Aguirre was born in Ferrol, Galicia, on 5 October 1925. He studied humanities and philosophy at the Facultad Eclesiástica de Alcalá, natural sciences at the University of Madrid in 1955, and theology at the University of Granada. He was a former Jesuit with a PhD in biological sciences with a thesis on extinct elephants, supervised by Miquel Crusafont i Pairó.[1][2]

Between 1955 and 1956, Aguirre was a prospector of dinosaur sites in the Tremp Basin [es], where he helped excavating the remains of Abditosaurus, and a prospector and discoverer of thirty new marine and continental Cenozoic sites in Granada between 1956 and 1961.[3]

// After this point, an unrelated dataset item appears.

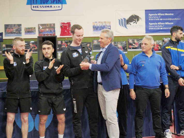 Si è giocato davanti ad una splendida cornice di pubblico, con la squadra allenata da Wang Hong Liang, coadiuvato in panchina da Marcello Puglisi, sostenuta da un tifo incessante. Prima di cominciare il presidente Giorgio Quartuccio, a nome della società, ha consegnato tra gli applausi una targa ricordo (“Fino all’ultimo punto, fino all’ultimo set, fino alla vittoria. Grazie Marco per un sogno durato sei anni”) a Marco Rech Daldosso, alla sua ultima apparizione della carriera, per premiarlo dopo sei fantastiche stagioni trascorse con la maglia della Top Spin, ricche di trofei e grandi soddisfazioni. Inevitabile un pizzico di commozione nel salutare ufficialmente uno dei protagonisti di annate indimenticabili, pronto ad intraprendere un nuovo percorso.
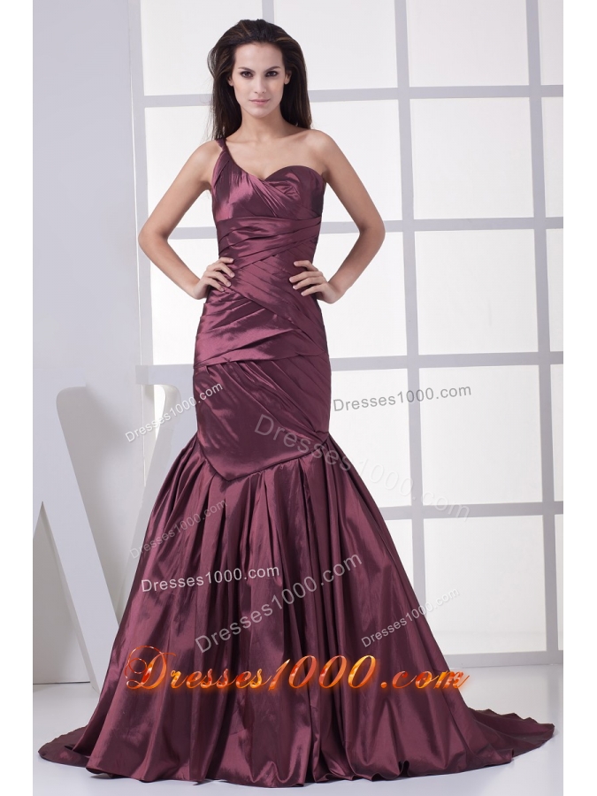 Burgundy One Shoulder Mermaid Ruched Brush Train Prom Graduation Dress

Aguirre's first excavations were carried out in the 1960s. Between 1961 and 1963, he excavated, together with Francis Clark Howell, the paleontological site of Torralba and Ambrona, using new multidisciplinary methodologies.[4] In 1963, he designed the Arbona Museum, the first museum with in situ exhibition of fossil remains in Europe.[5] In 1963, he was part of the Spanish Mission of Archaeological Salvage in Nubia, in which he studied the human remains at the necropolis of Argin (Sudan). In 1968, thanks to a postdoctoral fellowship from the Wenner-Gren Foundation, he traveled to South Africa to study early hominid fossils and to Kenya to excavate in the Tugen Hills with the archaeologist Louis Leakey.[4]

Aguirre joined the Spanish National Research Council as a researcher in 1974, and left the Society of Jesus.[4]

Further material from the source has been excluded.